**Records provided**
'''

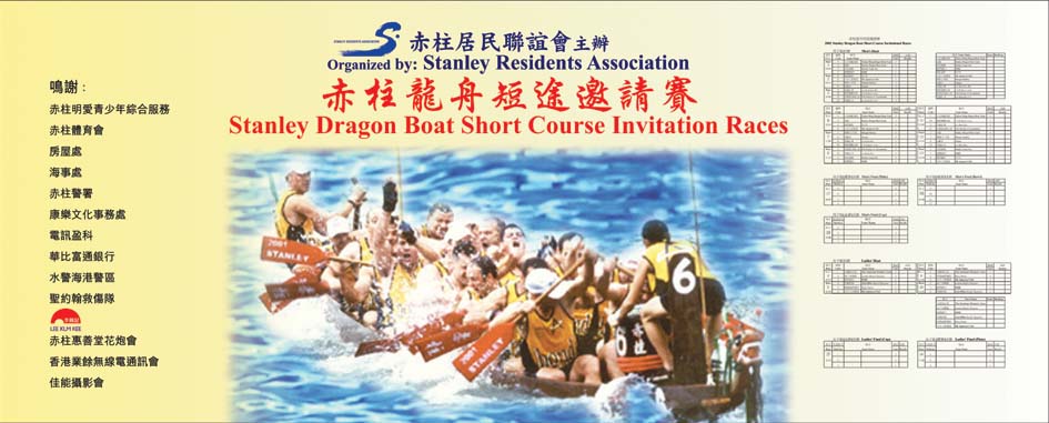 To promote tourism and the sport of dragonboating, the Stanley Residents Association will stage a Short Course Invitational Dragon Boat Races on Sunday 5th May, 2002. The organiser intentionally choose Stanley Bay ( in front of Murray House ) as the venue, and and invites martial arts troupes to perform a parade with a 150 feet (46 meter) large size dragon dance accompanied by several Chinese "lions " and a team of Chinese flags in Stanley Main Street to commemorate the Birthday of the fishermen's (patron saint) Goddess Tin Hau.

'''
'''

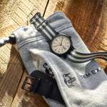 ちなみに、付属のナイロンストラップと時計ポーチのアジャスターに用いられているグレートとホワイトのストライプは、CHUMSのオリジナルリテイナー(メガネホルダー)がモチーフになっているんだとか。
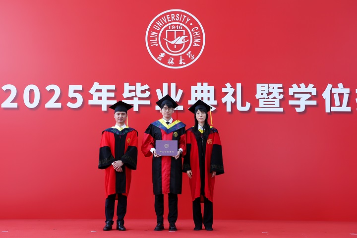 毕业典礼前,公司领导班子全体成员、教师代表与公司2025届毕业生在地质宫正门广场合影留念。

'''

**Your objective**
Because only one stretch of the records is wanted, please output the lines from the one holding "ちなみに、付属のナイロンスト" through the one holding "毕业典礼前,公司领导班子全体" exactly, both included, and leave every picture out.

**Answer below**
 ちなみに、付属のナイロンストラップと時計ポーチのアジャスターに用いられているグレートとホワイトのストライプは、CHUMSのオリジナルリテイナー(メガネホルダー)がモチーフになっているんだとか。
 毕业典礼前,公司领导班子全体成员、教师代表与公司2025届毕业生在地质宫正门广场合影留念。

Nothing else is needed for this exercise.